A couple of weeks into 2004, the slightly mad French duo Air returned to the charts with their third proper (discounting the odd remix album, compilation, film soundtrack, and audio book) studio album Talkie Walkie. Following three years after their “difficult” second album 10,000 Hz Legend, it’s a much more confident offering, with essentially no weak points and a whole pile of classics.
Talkie Walkie opens with Venus, a track every bit as exquisite as anything on Moon Safari (1998). It’s got piano chords, a strummed guitar, and huge pads with enormous LFO settings – every ingredient that you expect from Air. It’s even got a slightly bizarre lyric, delivered as always with a strong French accent. When the counter-melody reappears just thirty seconds from the end, it’s almost euphoric.
It would be easy to go to this level of detail for every track on Talkie Walkie. The first single Cherry Blossom Girl has many of the same ingredients, but this time mixes in a slightly trippy drum pattern to make one of the best songs of Air‘s career. If you don’t remember where you were when you first heard that flute section then you haven’t lived.
If you find some of their more experimental moments less palatable, you may think the repeated refrain of Run is a little over the top, but look a little further and you’ll find another deeply atmospheric and evocative piece. Universal Traveller is similarly exquisite, and the instrumental Mike Mills makes for an entertaining deviation.
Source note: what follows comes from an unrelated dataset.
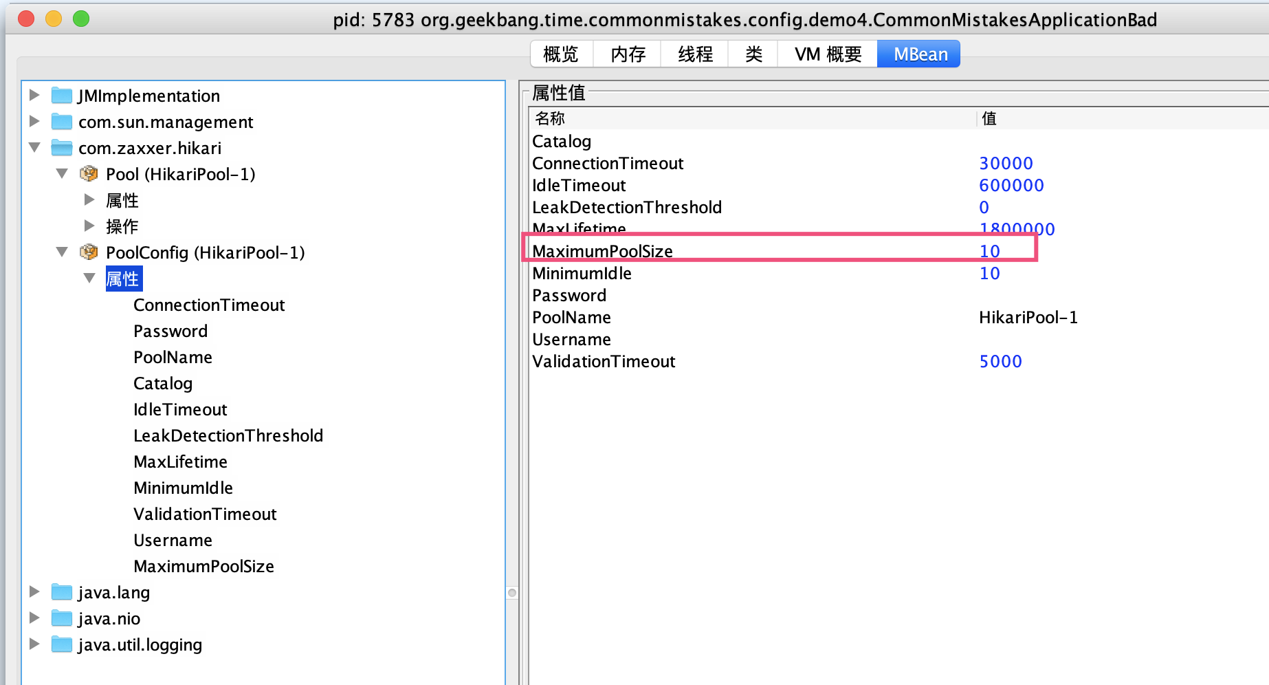 随后,修改配置文件启用register-mbeans,使Hikari连接池能通过JMX MBean注册连接池相关统计信息,方便观察连接池:

Surfing on a Rocket follows. Although Air had rather prematurely given up on singles by this stage, this was the second release in some territories, and is definitely the most commercially accessible track on the album. Which, admittedly, may not be saying a lot – although excellent, this was never going to be the most successful album ever released (technically, it peaked at number two in the UK, so maybe it was more of a hit than I’m remembering).
Speaking of which, Another Day is definitely one of the best songs on the album, but realistically it was never going to be a single. But what Air do extremely well is the slow, plodding, track, full of atmosphere, and with a few odd experimental hints hiding in the background. Another Day hides a weirdly edited vocal pad sound playing the main chord pretty much all the way through, and the guitar, chimes, drums, and vocals are built around it – which may not sound too appealing, but it works very well indeed.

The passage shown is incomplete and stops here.